[Exercise aim] Give all of the listing again word for word, with images excluded.

[Available data]
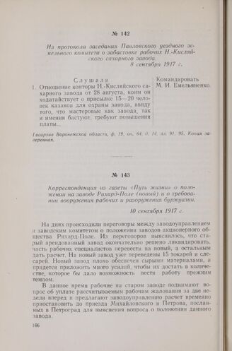 Корреспонденция из газеты «Путь жизни» о положении на заводе Рихард-Поле (новый) и о требовании вооружения рабочих и разоружения буржуазии. 10 сентября 1917 г. // Газета «Путь жизни», № 7, 23 (10) сентября 1917 г., стр. 4.
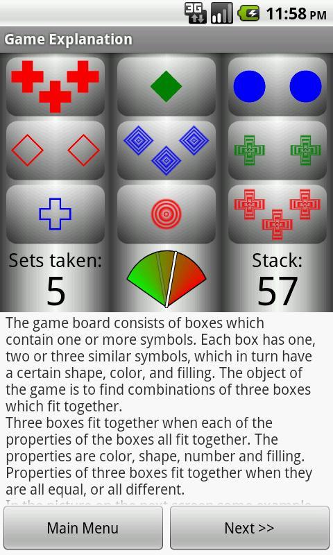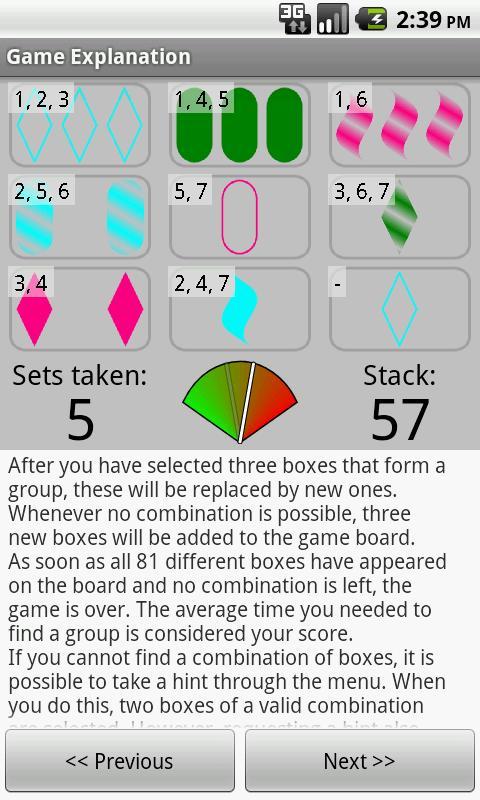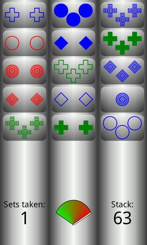 在这个单人游戏拼图游戏中,玩家使用模式识别来查找属于符号的组合。该游戏基于一款名为Set的游戏,该游戏是由Marsha Falco在1974年设计的。
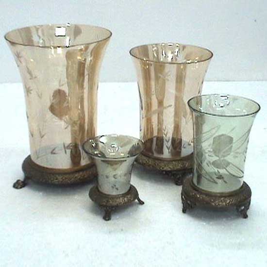 Featured here is a set of vintage-style candle holders with three-legged metal bases. The candle holders are finely designed with translucent Chinese paintings on the glass shades. They are perfect decorations for living rooms, hotels, restaurants, etc.

[Output of the exercise]
 Корреспонденция из газеты «Путь жизни» о положении на заводе Рихард-Поле (новый) и о требовании вооружения рабочих и разоружения буржуазии. 10 сентября 1917 г. // Газета «Путь жизни», № 7, 23 (10) сентября 1917 г., стр. 4.
 在这个单人游戏拼图游戏中,玩家使用模式识别来查找属于符号的组合。该游戏基于一款名为Set的游戏,该游戏是由Marsha Falco在1974年设计的。
 Featured here is a set of vintage-style candle holders with three-legged metal bases. The candle holders are finely designed with translucent Chinese paintings on the glass shades. They are perfect decorations for living rooms, hotels, restaurants, etc.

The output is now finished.